**What to do:**
Write out exactly, and only, the lines below from the line with "Catwalk Crossover with Ladder" through the line with "A fine variety"; pictures do not belong in the copy.

### Given entries

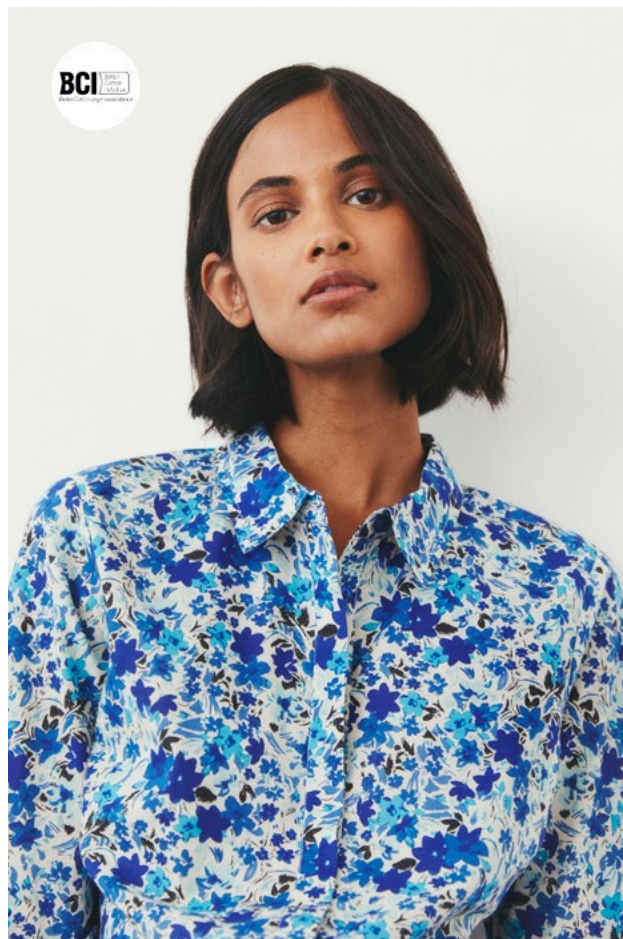
30307569 SABELLAPW SHIRT
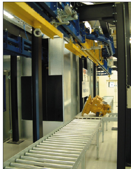
Pump bodies are loaded onto the paint plant's power-and-free overhead conveyor circuit, by means of a drop section, which allows them to be attached by the operator to the one-tonne capacity overhead flight bars without the need for manual handling. The conveyor was manufactured by Stewart Gill.

Added Mick: "Since we are located in a particularly environmentally sensitive area close to the river Tamar, it is vital and, indeed, it is corporate policy, that Kawasaki strives to minimise the environmental impact of its manufacturing operations."
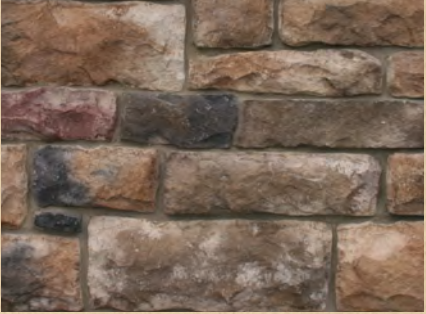
Washington Cut Stone
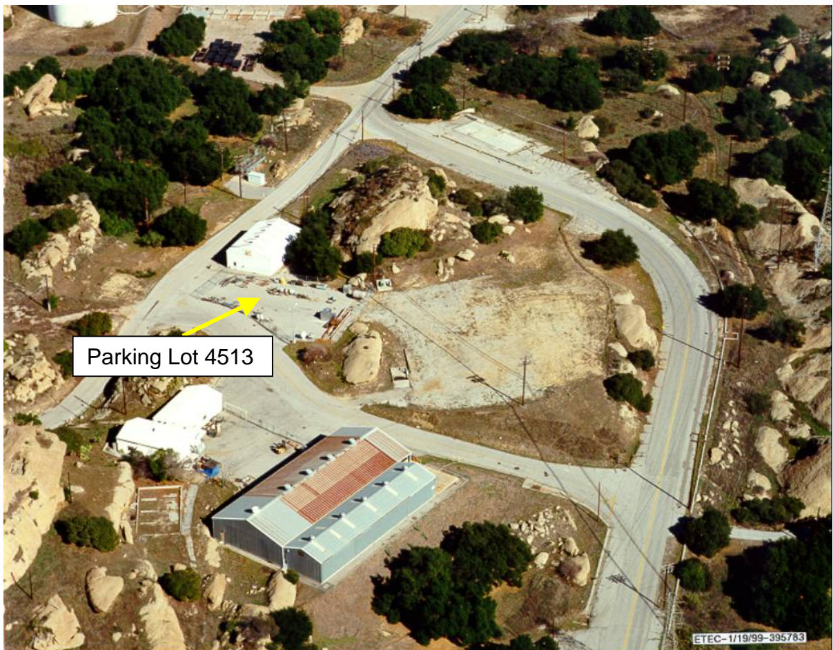
Photograph – Parking Lot 4513
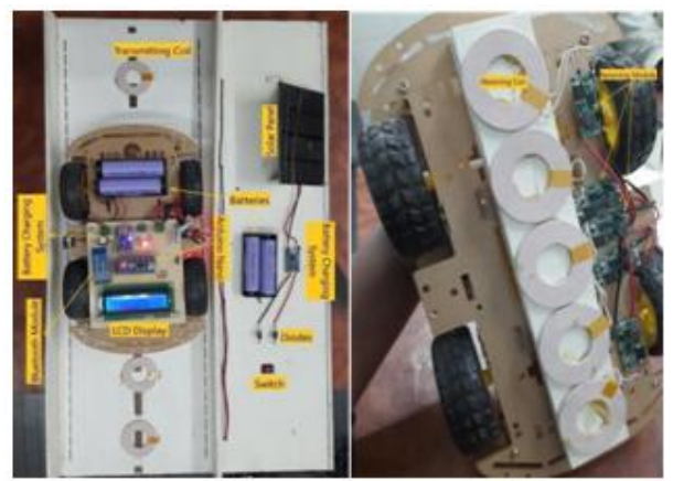
Figure2: Reading of overall output voltage

Security concerns regarding data transmission were also noted, indicating a requirement for improved encryption protocols. In conclusion, while the system demonstrated substantial advancements in efficiency and user convenience through IoT integration, addressing connectivity issues, enhancing predictive maintenance accuracy, and strengthening data security are essential for optimizing overall system
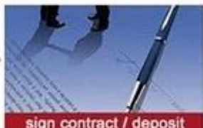
sign contract / deposit
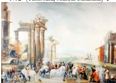
Pastel, 1793
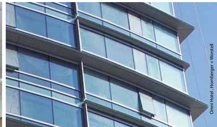
Omni Hotel - Hornberger + Worstell
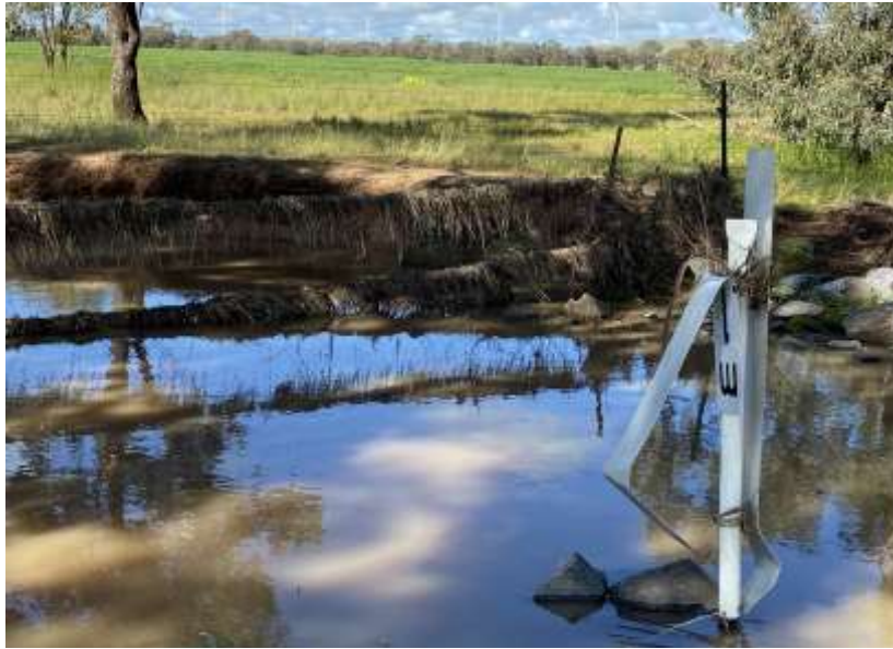
The Yeungroon Creek road crossing at Yeungroon.
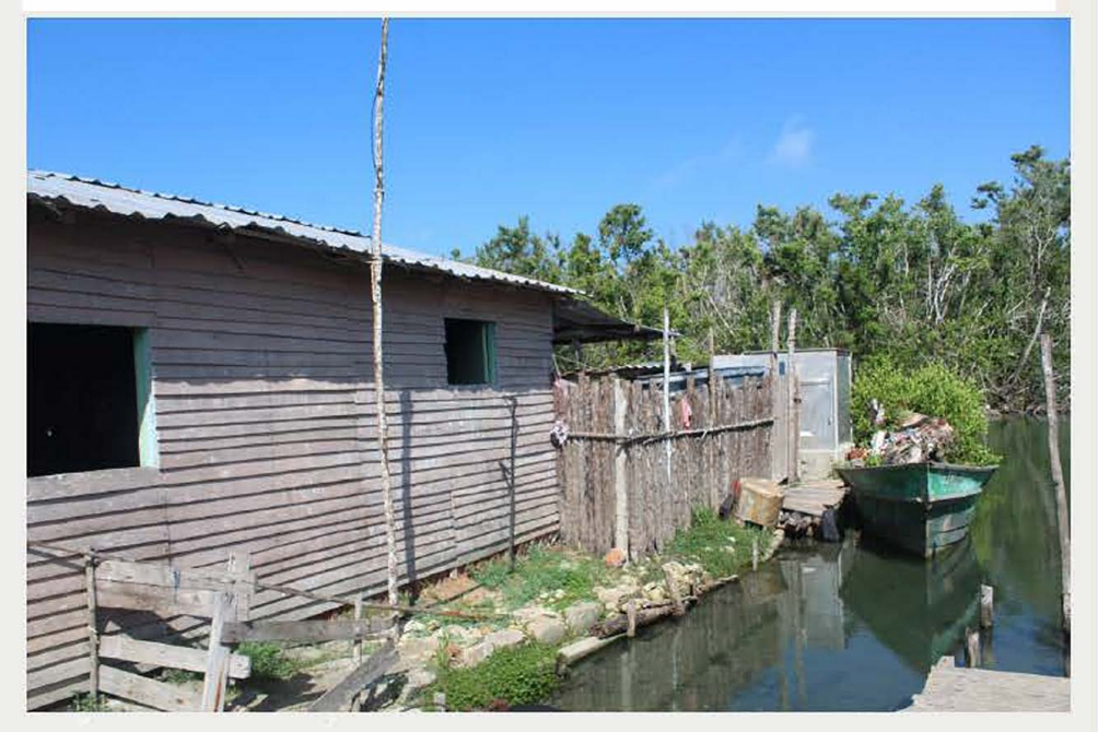
Both the challenges and the potential for Cajío's development were addressed.

On the morning of Saturday, May 17th, the first participatory workshop of the CIRCLE project took place in the Cajío community. It was a space designed to explore with the residents their perceptions about the urban and architectural conditions of their community, delving into the state of housing, public spaces, and service facilities.
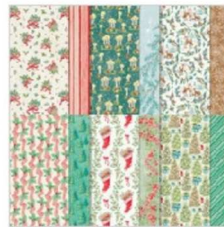
Sentimental Christmas 12" X 12" (30.5 X 30.5 Cm) Designer Series Paper
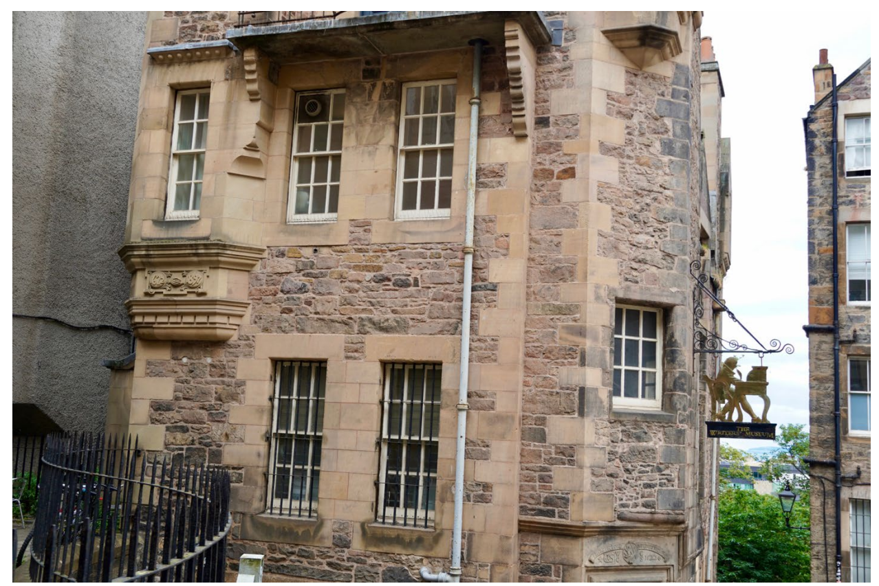
On a side street is the Writer's Museum – great find, it's free.

The Writer's Museum is housed in a house built in 1622. It houses books and artifacts of Scotland's three greatest writers: Robert Burns, Robert Louis Stevenson and Sir Walter Scott.
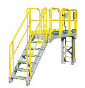
Catwalk Crossover with Ladder
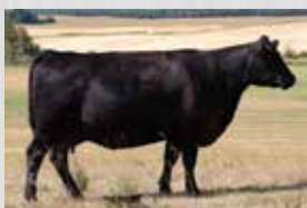
Granddam: Ravenworth 20Z Elba 33B
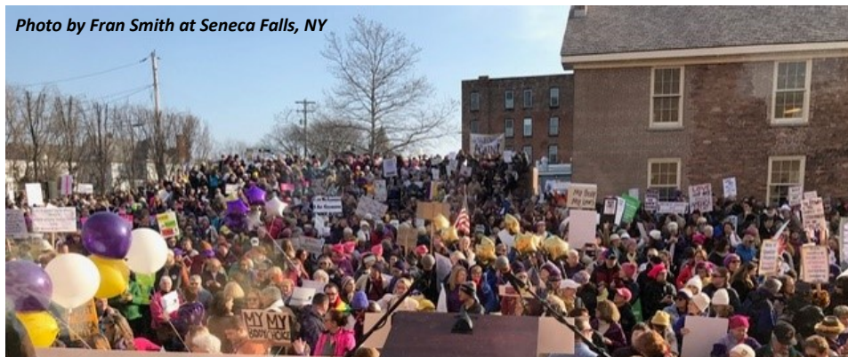
at Seneca Falls, NY
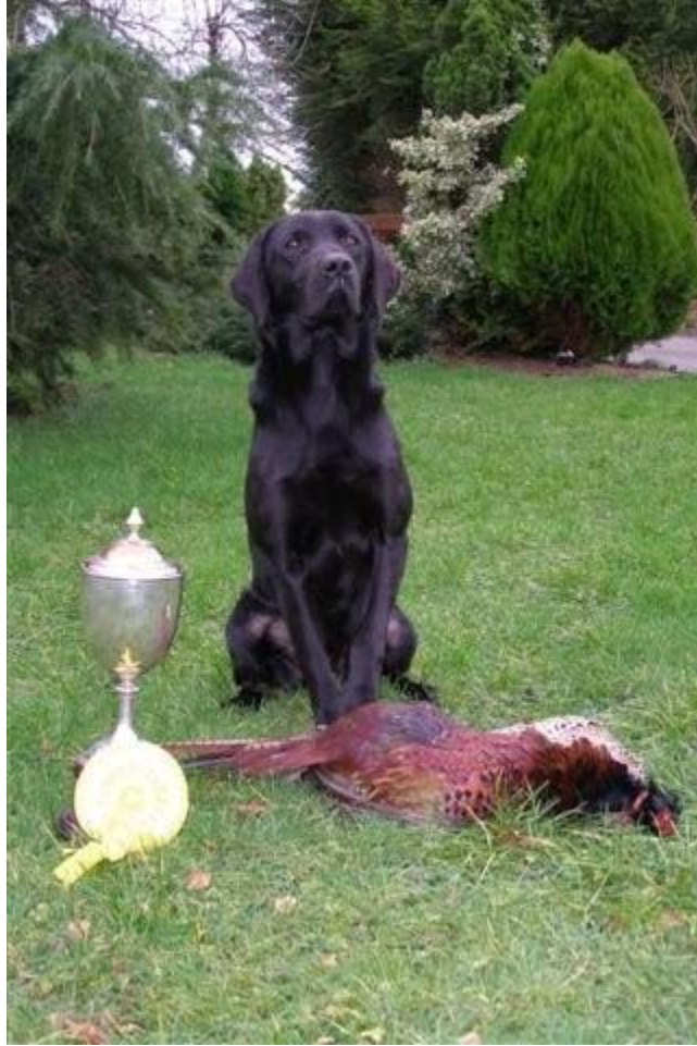
Ben in Northern Ireland
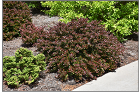
Concorde Japanese Barberry

Concorde Japanese Barberry is recommended for the following landscape applications;
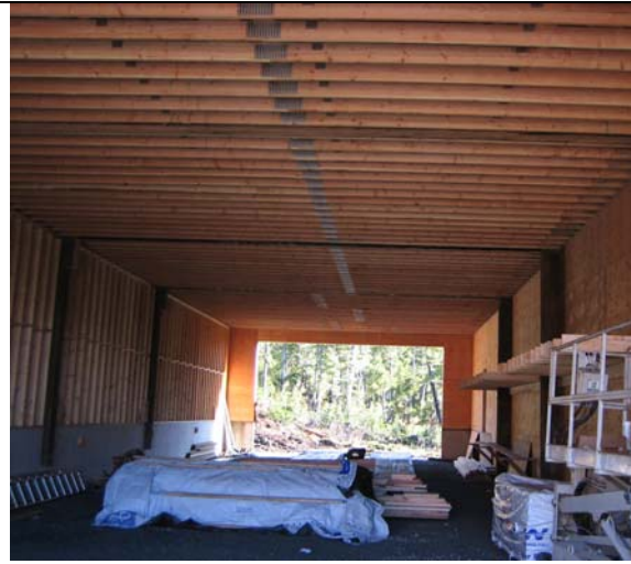
Interior of Maintenance Building

The interior of the building is ideal for working on multiple machines.
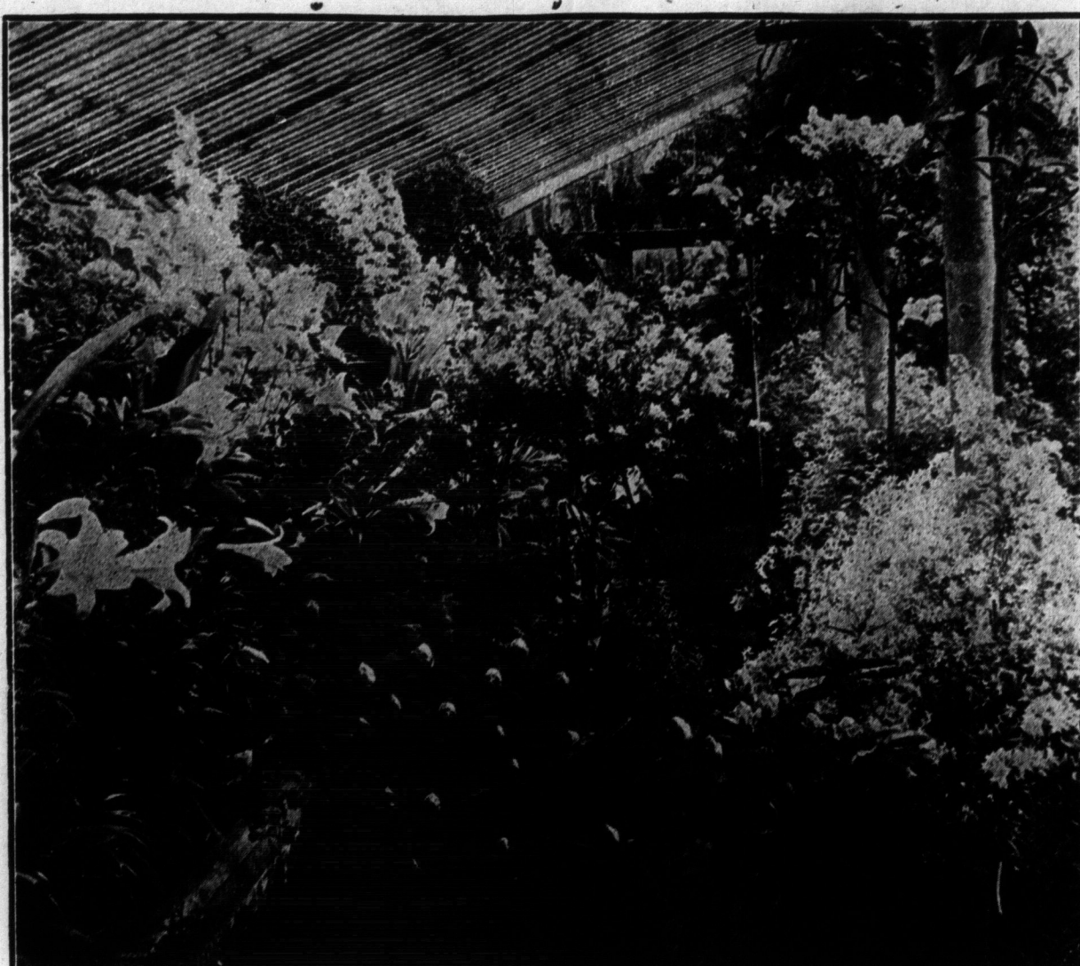
A fine variety of blooms and green in one corner of the greenhouse at Allan Gardens.
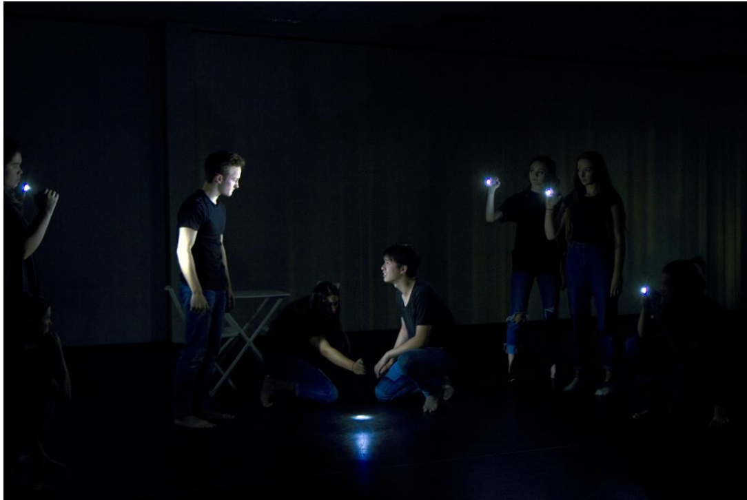
600 Ways to Filter a Sunset by Daniel Evans | Credit: Queensland Theatre
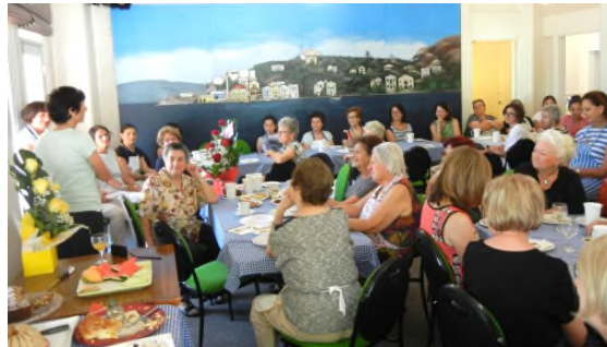
End of Year Celebration
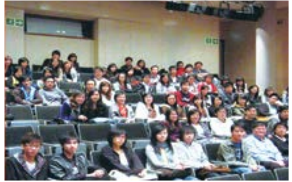
Students participating in class

2) Students may apply for government scholarship, grant and loans.
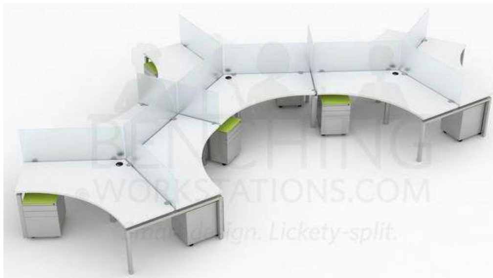
Shown in Electric White

Our 120 Degree Seating for 9 Bench Workstation Combo Ships for FREE in 5-Working Days.
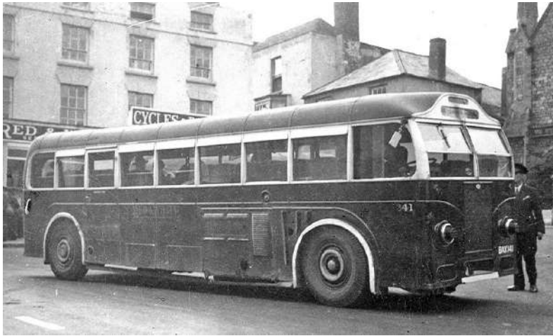
A wartime photo of BAX 141 (341) with Berw bodywork in Albion Square, Chepstow with white painted mudguards and shielded headlights.
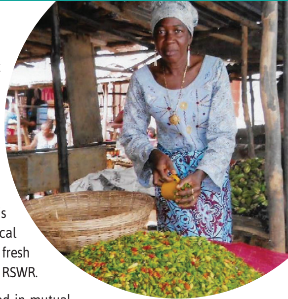
A member of Lumpa 555 Women Association at her pepper stall in the local market. The group in the Western Rural District of Sierra Leone was approved for funding in Fall 2017.

"LET US THEN SEE WHAT LOVE CAN DO." – William Penn, 17th Century Quaker
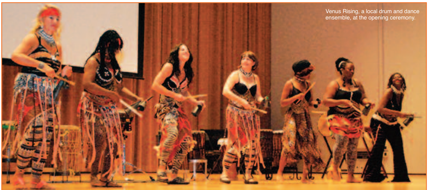
Venus Rising, a local drum and dance ensemble, at the opening ceremony.
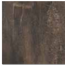
AJ3M Arte MA 12 15/16 " x 12 15/16 "
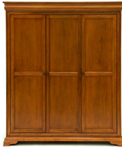
Triple Fitted Wardrobe H:197 W:163 D:64 LI/8567L
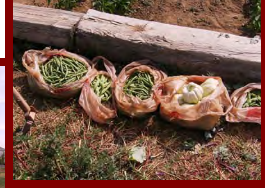
Above: Food collected from the gardens went to the local food bank.

Senior Hub, specifically the Retired Senior Volunteer Program (RSVP), is a major sponsor of the Adams County Community Gardens Project, which seeks to develop community gardens throughout the county. This program provides not only the gardeners with produce, but also local food banks, food fairs and farmers markets. Excess food is provided free or at minimal cost to help those on low and/or fixed incomes to stretch their family food budgets.
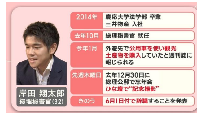
Japanese TV News on May 30, 2023 “Zero marks public business”

Japanese magazine Shukan Shincho reported that “Prime Minister’s Secretary Shotaro KISHIDA used vehicles from the Japanese Embassy in Paris for touring tourist spots and purchased souvenirs at high-end department stores.” Meanwhile, the government stated in a press conference aimed at the Japanese public that “the use of official vehicles was for collecting photographs, and there was no inappropriate action” (the use of official vehicles was necessary for gathering photos for information dissemination on official social media and other platforms during overseas trips, and there was no inappropriate action as the Prime Minister’s Secretary). [Ultimately, not a single photo (zero photo) of the tourist sites taken by Prime Minister’s Secretary Shotaro KISHIDA was posted on any official government social media platforms, and to this day, Mr. Shotaro KISHIDA personally owns them. And despite the use of taxpayer money, it has not been clarified whether photos of tourist sites intended for posting on the government’s social media actually exist.]
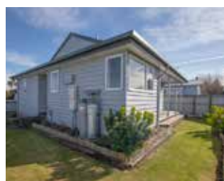
» 53 Morgan Street, Methven

######

**Exercise output:**
Catwalk Crossover with Ladder
Granddam: Ravenworth 20Z Elba 33B
at Seneca Falls, NY
Ben in Northern Ireland
Concorde Japanese Barberry

Concorde Japanese Barberry is recommended for the following landscape applications;
Interior of Maintenance Building

The interior of the building is ideal for working on multiple machines.
A fine variety of blooms and green in one corner of the greenhouse at Allan Gardens.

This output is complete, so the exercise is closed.